In about 1465, potters migrated from Dau Khe in the Haii Duong province and established a new pottery center at Tho Ha, near the village of Bac Ninh, some thirty kilometers northeast of Hanoi. Dau Khe remained the most important provincial pottery center for several centuries. However, the new potteries in Tho Ha soon surpassed all other ceramic centers in the production of jars of unusually large size and circumference that were used for water and brine. (Materials adapted from the book “Southeast Asian Ceramic – Ninth through Seventeenth Centuries” by Dear F. Frasche, The Asia Society, 1976. – see photo # 12 for an example from that book - this one with incised design).

The standard reference book on Vietnamese ceramics is by Stevenson and Guy. In that book on "Vietnamese Ceramics", 1997, Avery Press, plates 316 through 320 show these varying amber glazed jars ranging from the 15th to 17th centuries and plates 322 and 323 a bowl and vase respectively.
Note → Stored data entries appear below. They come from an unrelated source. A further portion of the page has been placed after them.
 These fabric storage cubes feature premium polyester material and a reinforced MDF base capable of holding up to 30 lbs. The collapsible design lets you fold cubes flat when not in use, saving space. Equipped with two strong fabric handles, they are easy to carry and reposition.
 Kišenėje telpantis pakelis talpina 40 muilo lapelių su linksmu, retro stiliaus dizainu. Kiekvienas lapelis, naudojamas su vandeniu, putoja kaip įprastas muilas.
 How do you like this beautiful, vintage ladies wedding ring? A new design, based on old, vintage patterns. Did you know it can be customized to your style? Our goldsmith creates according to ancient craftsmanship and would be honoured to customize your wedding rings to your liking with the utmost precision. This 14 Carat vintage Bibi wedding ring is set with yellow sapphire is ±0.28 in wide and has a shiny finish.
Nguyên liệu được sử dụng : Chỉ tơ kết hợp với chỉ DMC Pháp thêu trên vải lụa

This large jar most closely resembles fig 371, a "Jar with six dragons modeled in relief forming strap handles on the shoulder, olive brown glaze, lower portion unglazed” that is located at the Art Gallery of South Australia, Adelaide. That jar was attributed to the 16th-17th century and to have been made in central Vietnam. Even the relief dragon decorations and the dripping glaze are similar to that jar.

This is a fine and rare example of early Vietnamese pottery that belongs in any comprehensive collection of Vietnamese ceramics.